Entries supplied
= = = =

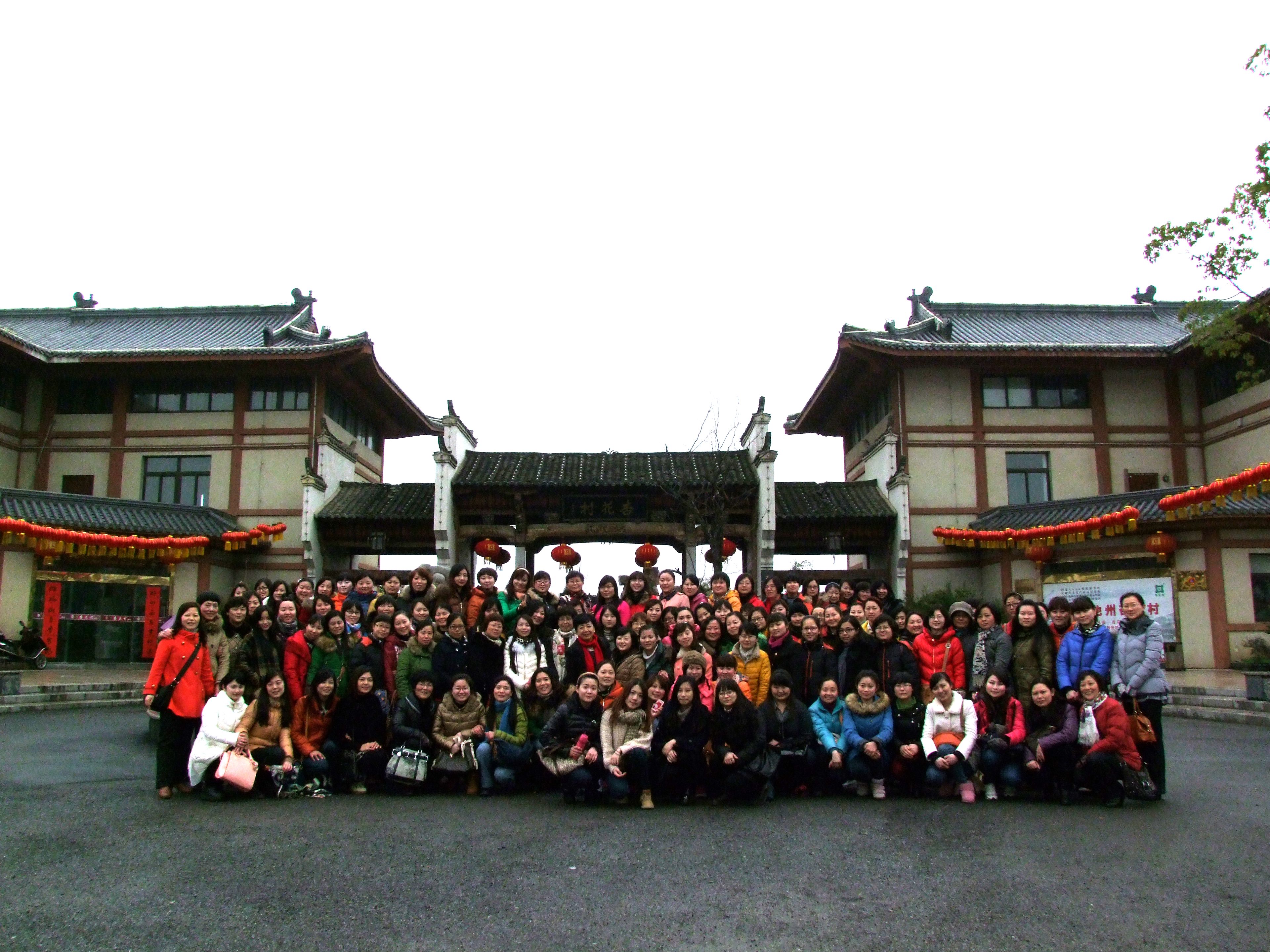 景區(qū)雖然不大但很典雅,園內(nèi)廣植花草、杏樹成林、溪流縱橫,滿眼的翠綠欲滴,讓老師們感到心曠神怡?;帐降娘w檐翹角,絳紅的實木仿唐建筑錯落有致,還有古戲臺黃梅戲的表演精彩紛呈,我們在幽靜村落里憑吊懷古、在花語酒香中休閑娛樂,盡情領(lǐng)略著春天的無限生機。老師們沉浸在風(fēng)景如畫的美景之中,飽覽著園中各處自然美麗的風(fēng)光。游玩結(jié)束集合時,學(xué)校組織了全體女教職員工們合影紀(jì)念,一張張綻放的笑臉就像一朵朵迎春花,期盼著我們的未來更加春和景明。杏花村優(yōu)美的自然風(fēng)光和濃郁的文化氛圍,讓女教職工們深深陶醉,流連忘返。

= = = =

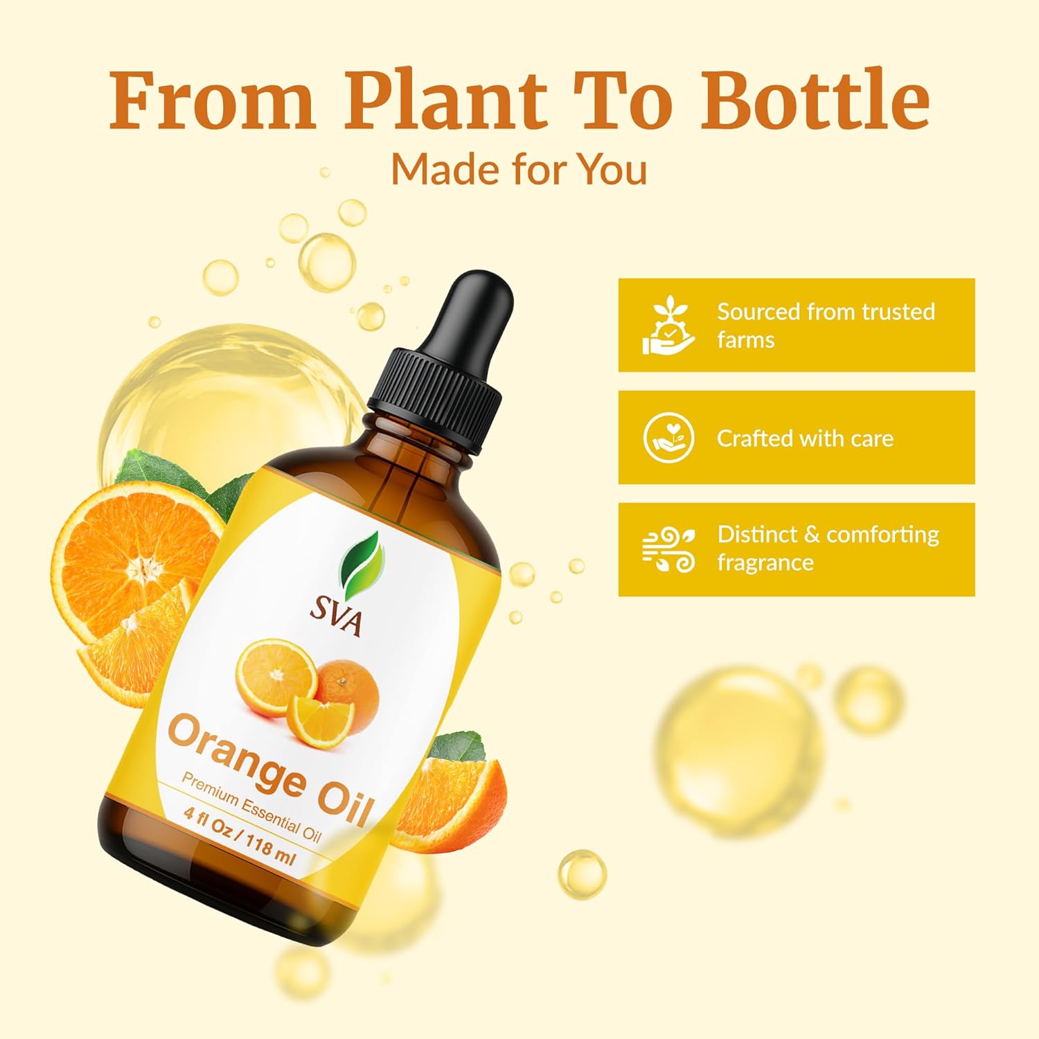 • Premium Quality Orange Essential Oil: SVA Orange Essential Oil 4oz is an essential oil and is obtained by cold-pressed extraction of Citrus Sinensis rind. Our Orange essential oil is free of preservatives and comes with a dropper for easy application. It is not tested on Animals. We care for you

= = = =

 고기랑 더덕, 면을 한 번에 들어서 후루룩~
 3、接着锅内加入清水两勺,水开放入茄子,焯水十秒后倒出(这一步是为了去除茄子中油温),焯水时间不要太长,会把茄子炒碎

= = = =

Could you write out, exactly as they stand, only the lines above that begin at the line with "고기랑 더덕, 면을 한 번에 들어서 후루룩~" and stop after the line with "3、接着锅内加入清水两勺,水"?

Your solution
 고기랑 더덕, 면을 한 번에 들어서 후루룩~
 3、接着锅内加入清水两勺,水开放入茄子,焯水十秒后倒出(这一步是为了去除茄子中油温),焯水时间不要太长,会把茄子炒碎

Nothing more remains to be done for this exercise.